Trade war? Not so fast. Why stocks are rallying again
So much for that trade war, huh?
Stocks powered higher again on Thursday, sending the Dow up more than 300 points and extending a stunning comeback. On Wednesday, the Dow reversed a 510-point loss shortly after the open to finish higher by 230 points.
What happened? Experts said that investors seem to be less concerned about the tit-for-tat tariffs that China and the United States are threatening to volley at each other. It may all be for show.
“The US and China are the two toughest kids in the playground, but they really don’t want to fight,” said JJ Kinahan, chief market strategist with TD Ameritrade.
Investors were also reassured by Larry Kudlow, the new director of the White House National Economic Council, who also characterized the tariffs as just proposals.
He reiterated that point on Thursday, telling reporters there is “nothing around the corner” regarding any concrete tariff plans.
“The history of the Trump administration is make a big bold statement, add some craziness and then come up with a bold, pragmatic solution,” Kinahan said.
This latest rally is essentially a return to how the market treated “news” from Washington last year.
Related: How China gets what it wants from American companies
Wall Street didn’t get too worked up about bombastic tweets from President Trump. Traders felt that cooler heads in the administration would prevail.

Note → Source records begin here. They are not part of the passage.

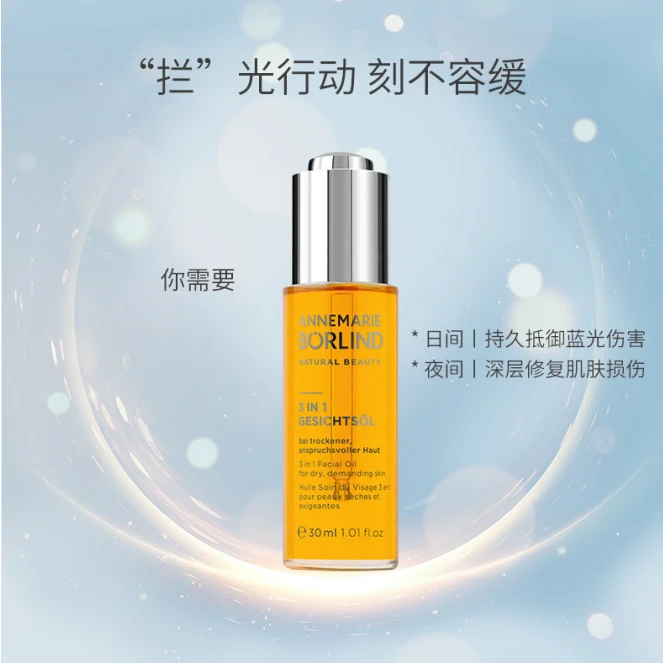 于是,一个划时代的产品——「3合1防蓝光精华油」就此诞生!凝聚了安娜柏林62年科研成果以及天然有机护肤理念,专门为皮肤立起一道天然的屏障,减少蓝光对皮肤、角化细胞和纤维细胞的损害!
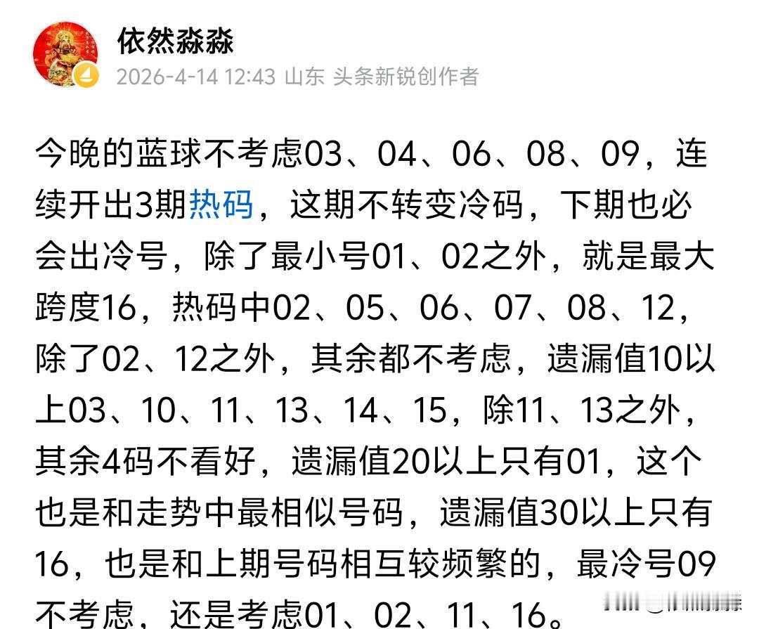 蓝球13是个冷号,遗漏了13期,上期04遗漏值9,4十9二13,看着很简单。
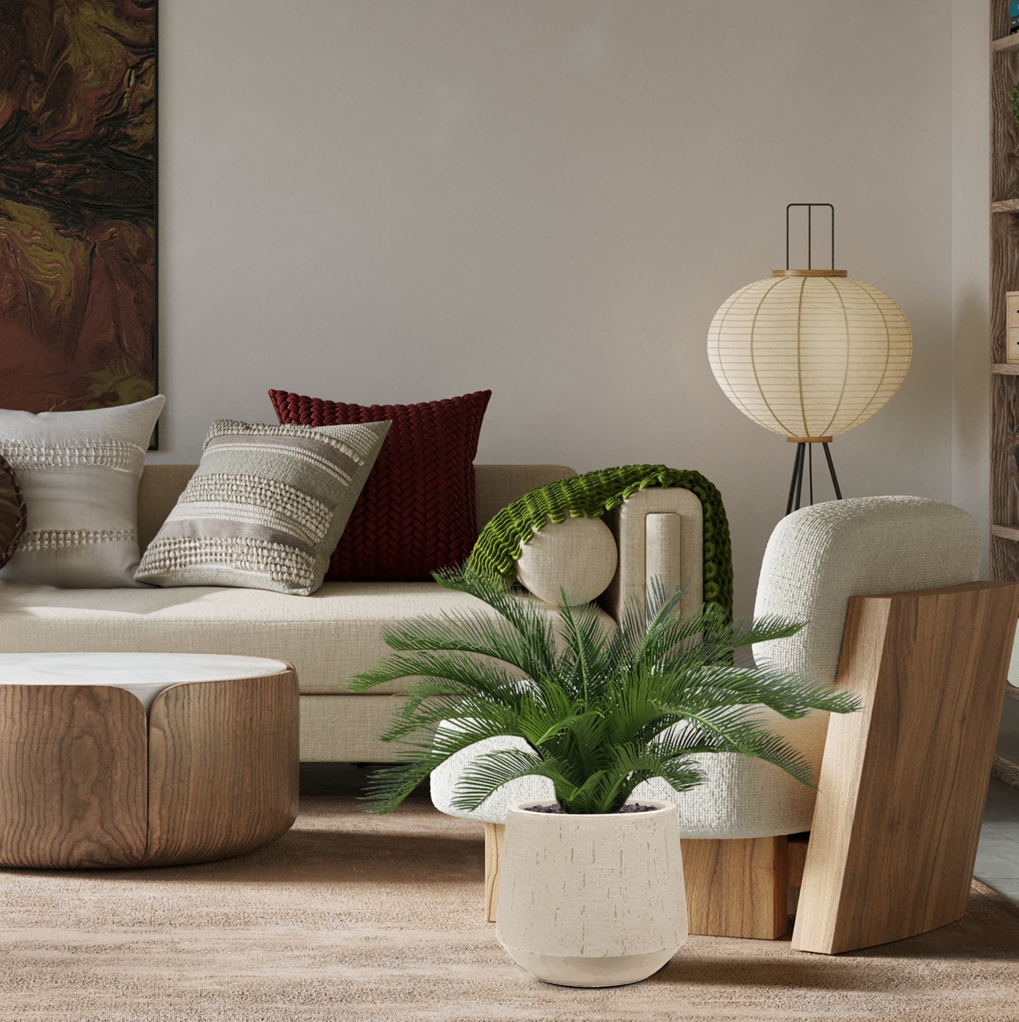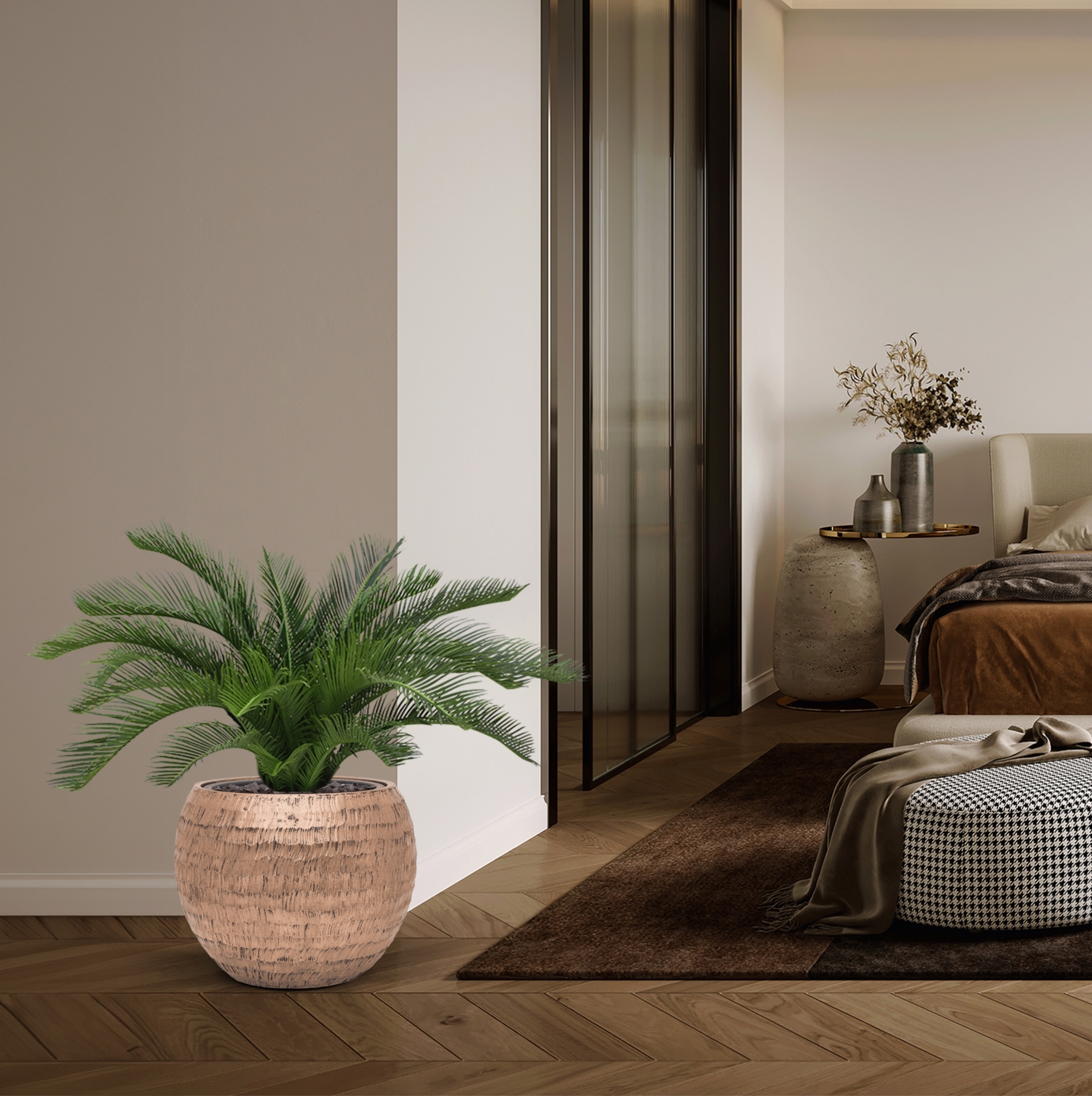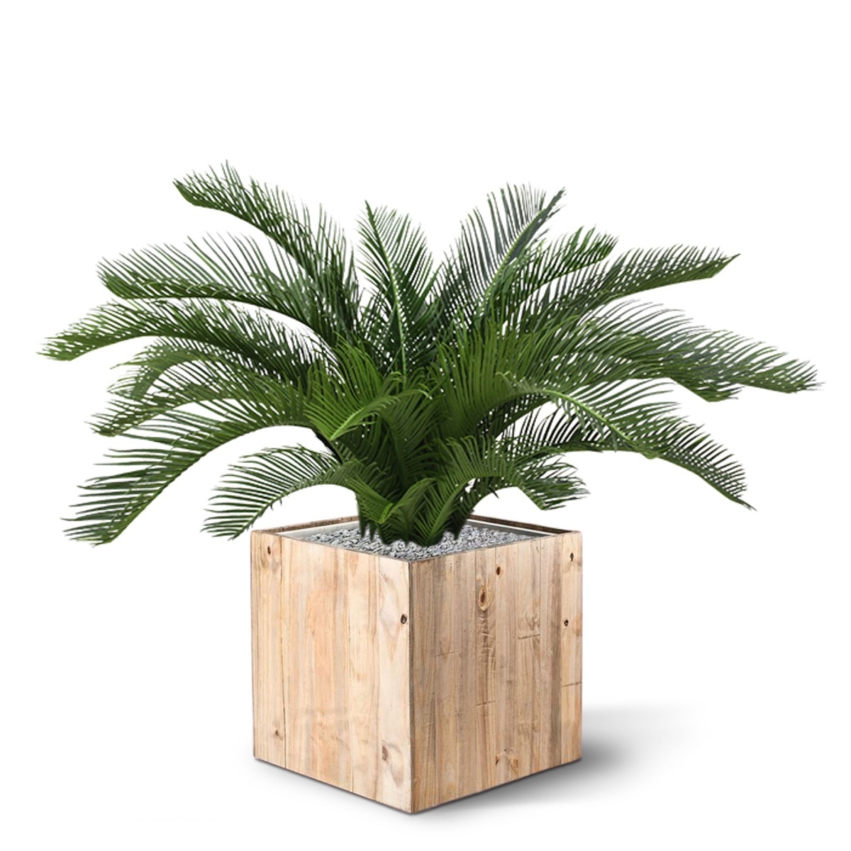 Questa palma Cycas artificiale di qualità da 60 cm non solo ha un aspetto molto reale, ma le resistenti foglie artificiali danno anche la sensazione della palma vera! Questa Cycas Deluxe è realizzata con materiali di alta qualità e ha un'altezza totale di 50-6

Everything seemed negotiable.
“There is no way to know if something is the policy or the policy for the next 20 minutes,” said Craig Birk, executive vice president of portfolio management at investing firm Personal Capital.
With that in mind, investors may start to focus more on the upcoming parade of earnings reports from Corporate America.
Big banks will kick off earnings season in earnest on Friday, April 13 (spooky!), when JPMorgan Chase (JPM), Wells Fargo (WFC) and Citigroup (C) all release their first quarter results.
Earnings should be solid. According to estimates from FactSet, analysts are forecasting a 17% increase in profit for S&P 500 companies in the first quarter compared with a year earlier. That would be the highest profit growth in seven years.
So strong results could help soothe investors.
“The stock market usually wears its emotions on its sleeve,” said Adam Phillips, director of portfolio strategy at EP Wealth Advisors.
“But even though the tariff story is sill there, solid fundamentals won’t change overnight,” Phillips added. “The near-term catalyst for the market will be earnings. Companies likely had a good first quarter, and positive results will help stocks rebound.”
Related: China tariffs could hurt Apple and these other US blue chip companies
Quincy Krosby, chief market strategist at Prudential Financial, said it will be important for corporate executives to be upbeat when they talk to analysts during earnings conference calls.
She expects that many CEOs will dismiss the trade bluster between the United States and China and focus on how the recently enacted tax cuts could boost profits.
“The tariffs seem to be gamesmanship. That’s what the market is hoping,” Krosby said. “Investors want to hear more about taxes from CEOs and what they are seeing about demand and global growth.”
Friday’s job report looms large as well. If wage growth accelerates, that could raise more inflation fears and concerns that the Federal Reserve, under new chairman Jerome Powell, will have to hike interest rates more aggressively.
But Matt Peden, chief investment officer at GuideStone Capital Management, is hopeful that inflation will remain in check.
“There is no doubt that Powell is in a difficult position. He got handed the baton at a very critical juncture,” Peden said. “But I don’t consider too many rate hikes as the base case for the Fed right now.”
In other words, the Fed won’t kill the bull market. And investors are growing increasingly hopeful that US-China trade tensions won’t, either.